--- Records Enclosed Below ---

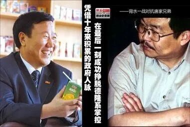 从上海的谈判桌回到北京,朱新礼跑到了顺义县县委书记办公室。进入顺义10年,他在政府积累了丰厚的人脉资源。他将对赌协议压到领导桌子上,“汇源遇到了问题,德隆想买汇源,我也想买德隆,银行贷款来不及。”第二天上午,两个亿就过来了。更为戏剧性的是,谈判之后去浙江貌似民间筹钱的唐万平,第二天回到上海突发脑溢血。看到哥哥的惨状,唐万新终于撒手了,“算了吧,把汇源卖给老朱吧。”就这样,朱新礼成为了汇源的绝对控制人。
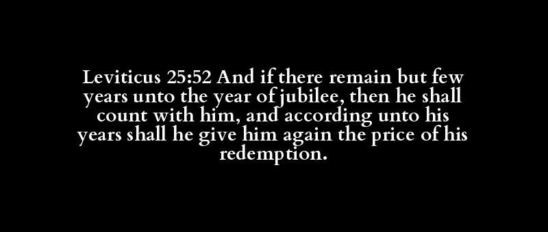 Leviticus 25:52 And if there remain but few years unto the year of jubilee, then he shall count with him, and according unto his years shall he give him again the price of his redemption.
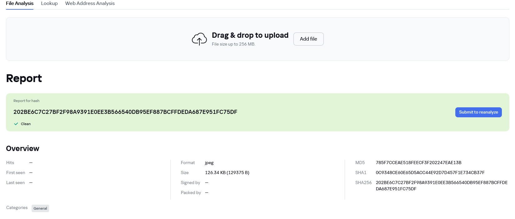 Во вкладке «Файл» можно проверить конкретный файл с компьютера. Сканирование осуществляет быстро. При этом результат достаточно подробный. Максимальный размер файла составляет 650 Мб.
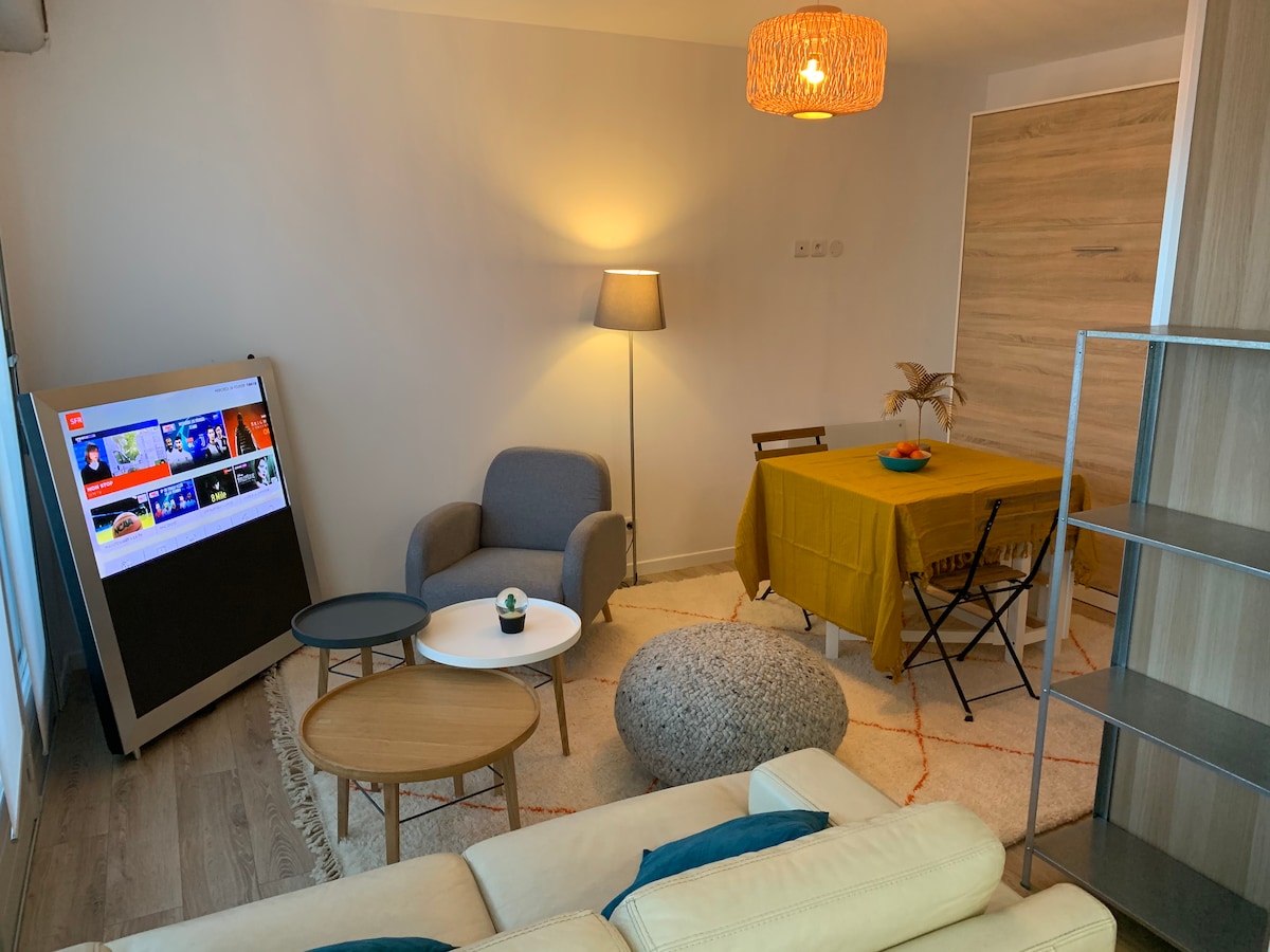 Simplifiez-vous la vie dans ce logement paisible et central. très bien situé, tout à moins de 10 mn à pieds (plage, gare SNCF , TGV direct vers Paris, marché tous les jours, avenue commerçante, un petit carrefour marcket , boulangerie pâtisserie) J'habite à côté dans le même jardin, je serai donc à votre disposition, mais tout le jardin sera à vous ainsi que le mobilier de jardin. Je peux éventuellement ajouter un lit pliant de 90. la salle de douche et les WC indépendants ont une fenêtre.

--- End of Enclosed Records ---
--- Records Enclosed Below ---

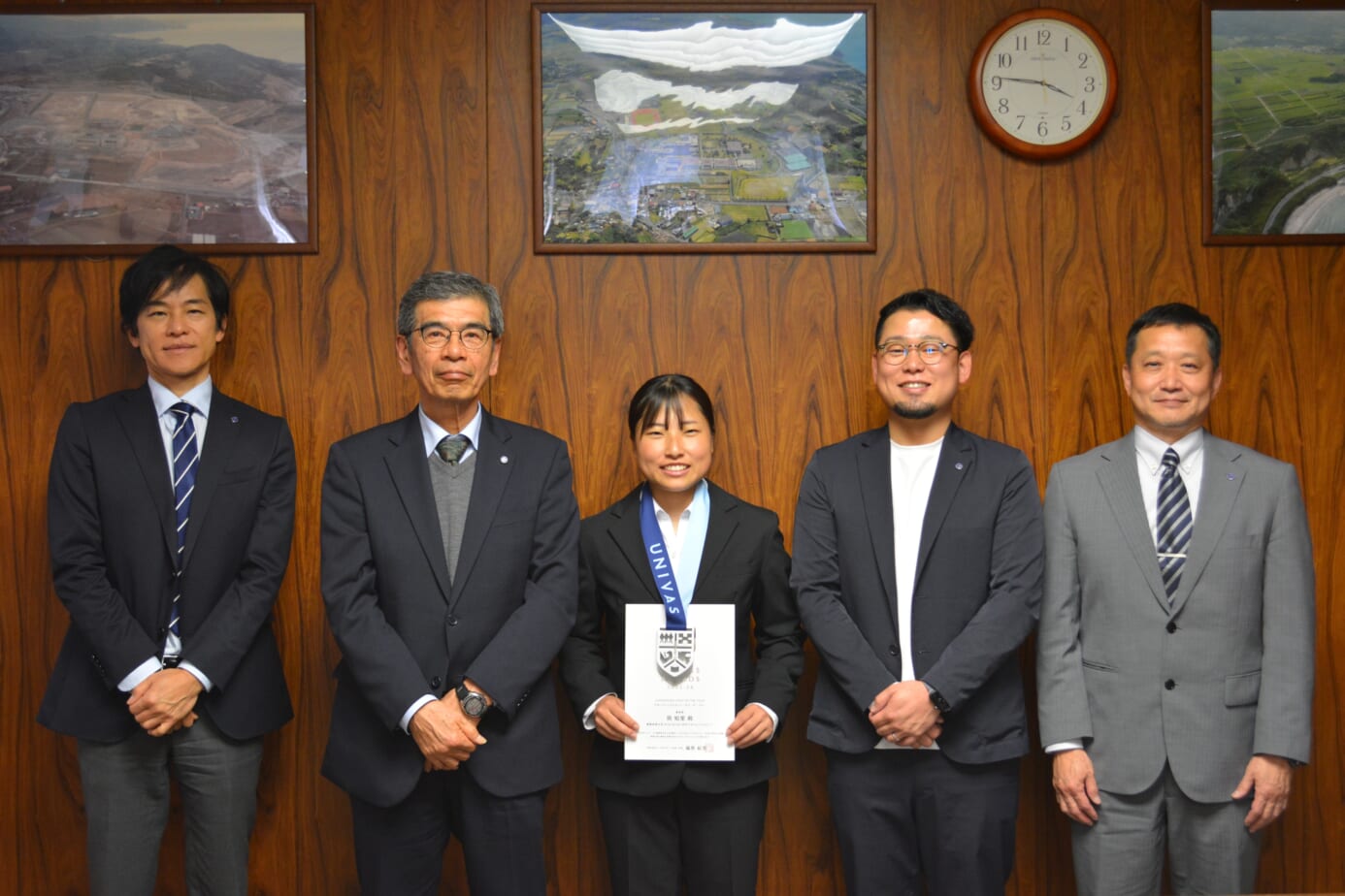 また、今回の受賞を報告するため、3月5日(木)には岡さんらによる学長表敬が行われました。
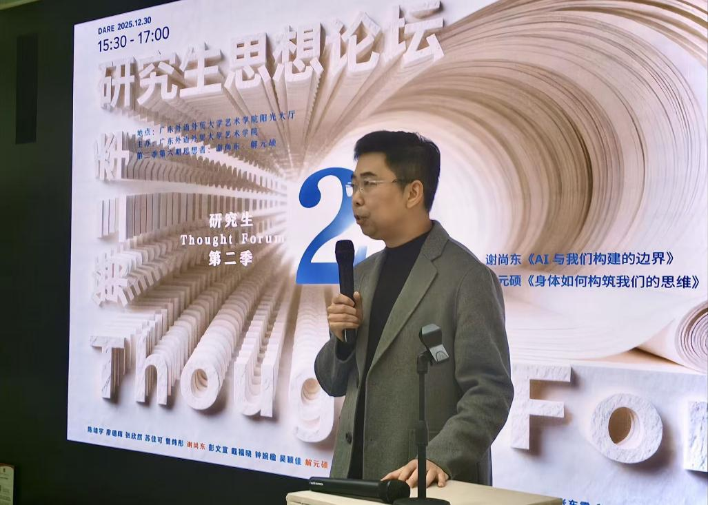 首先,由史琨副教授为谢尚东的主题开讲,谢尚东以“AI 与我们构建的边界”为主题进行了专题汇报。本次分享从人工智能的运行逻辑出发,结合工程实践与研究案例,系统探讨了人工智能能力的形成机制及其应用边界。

--- End of Enclosed Records ---
--- Records Enclosed Below ---

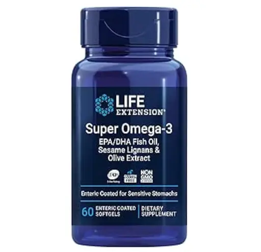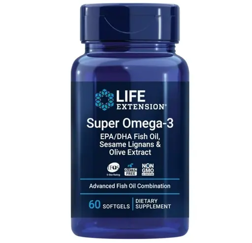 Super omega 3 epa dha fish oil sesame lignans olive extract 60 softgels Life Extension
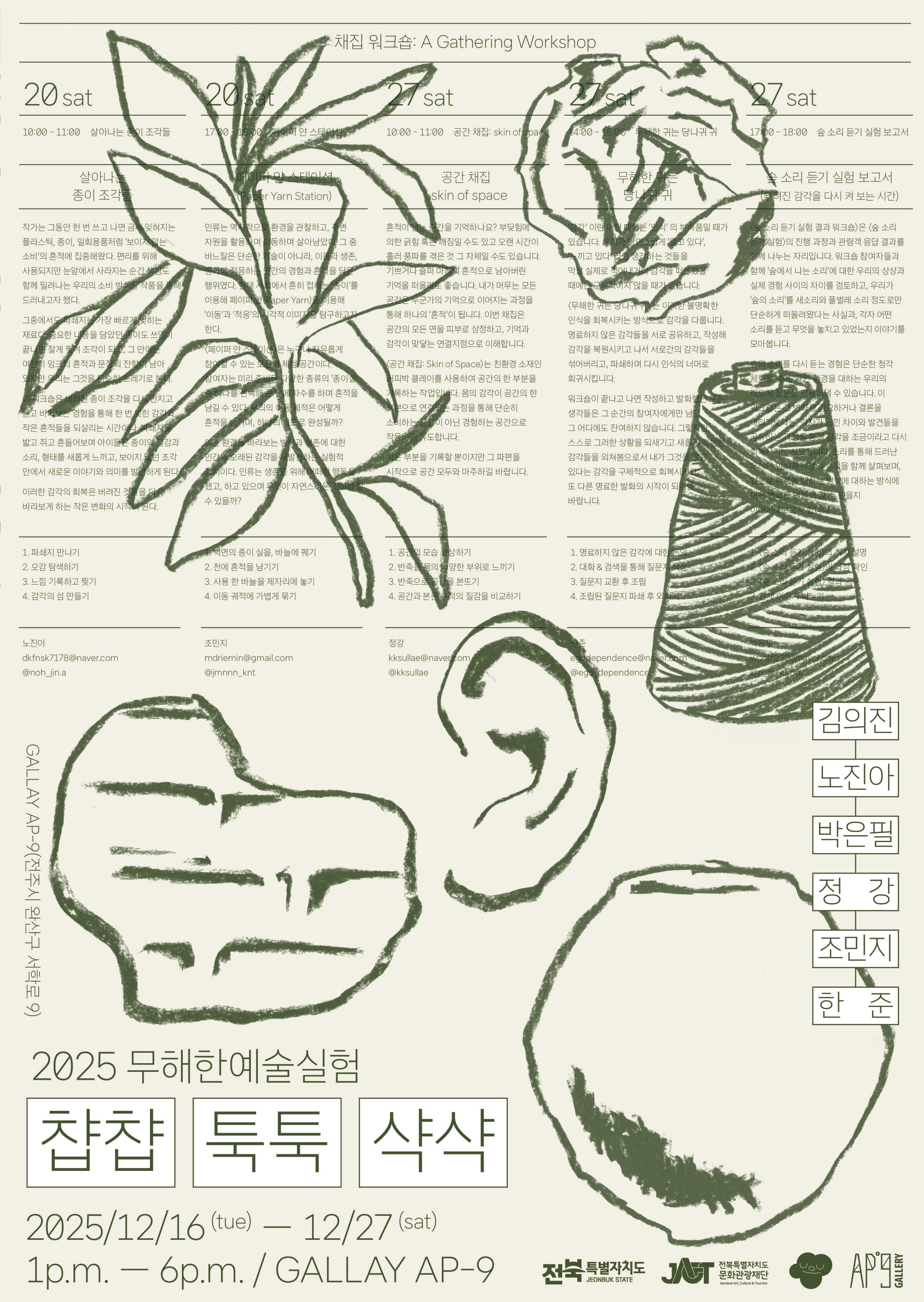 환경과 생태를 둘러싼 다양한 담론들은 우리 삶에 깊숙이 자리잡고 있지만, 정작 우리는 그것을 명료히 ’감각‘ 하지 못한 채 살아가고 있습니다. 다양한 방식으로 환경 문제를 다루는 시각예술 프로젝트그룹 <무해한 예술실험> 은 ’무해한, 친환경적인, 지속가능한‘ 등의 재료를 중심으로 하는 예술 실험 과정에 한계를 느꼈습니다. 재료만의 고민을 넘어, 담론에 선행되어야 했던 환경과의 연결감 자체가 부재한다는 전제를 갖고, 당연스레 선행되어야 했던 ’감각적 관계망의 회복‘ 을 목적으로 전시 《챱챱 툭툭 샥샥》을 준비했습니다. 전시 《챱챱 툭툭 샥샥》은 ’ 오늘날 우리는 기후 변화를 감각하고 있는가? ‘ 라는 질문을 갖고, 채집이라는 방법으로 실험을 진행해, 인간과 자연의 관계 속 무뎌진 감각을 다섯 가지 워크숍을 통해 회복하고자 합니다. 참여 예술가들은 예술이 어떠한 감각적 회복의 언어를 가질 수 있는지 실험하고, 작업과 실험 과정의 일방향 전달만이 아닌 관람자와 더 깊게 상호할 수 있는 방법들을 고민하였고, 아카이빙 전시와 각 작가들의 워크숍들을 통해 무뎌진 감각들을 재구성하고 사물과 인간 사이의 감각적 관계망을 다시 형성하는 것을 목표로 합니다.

--- End of Enclosed Records ---

- **What you have to do**
Only one part of the listing is wanted: the lines from the one containing "また、今回の受賞を報告するた" through the one containing "首先,由史琨副教授为谢尚东的", both included. Please transcribe it exactly, leaving out the pictures.

- **Solution**
 また、今回の受賞を報告するため、3月5日(木)には岡さんらによる学長表敬が行われました。
 首先,由史琨副教授为谢尚东的主题开讲,谢尚东以“AI 与我们构建的边界”为主题进行了专题汇报。本次分享从人工智能的运行逻辑出发,结合工程实践与研究案例,系统探讨了人工智能能力的形成机制及其应用边界。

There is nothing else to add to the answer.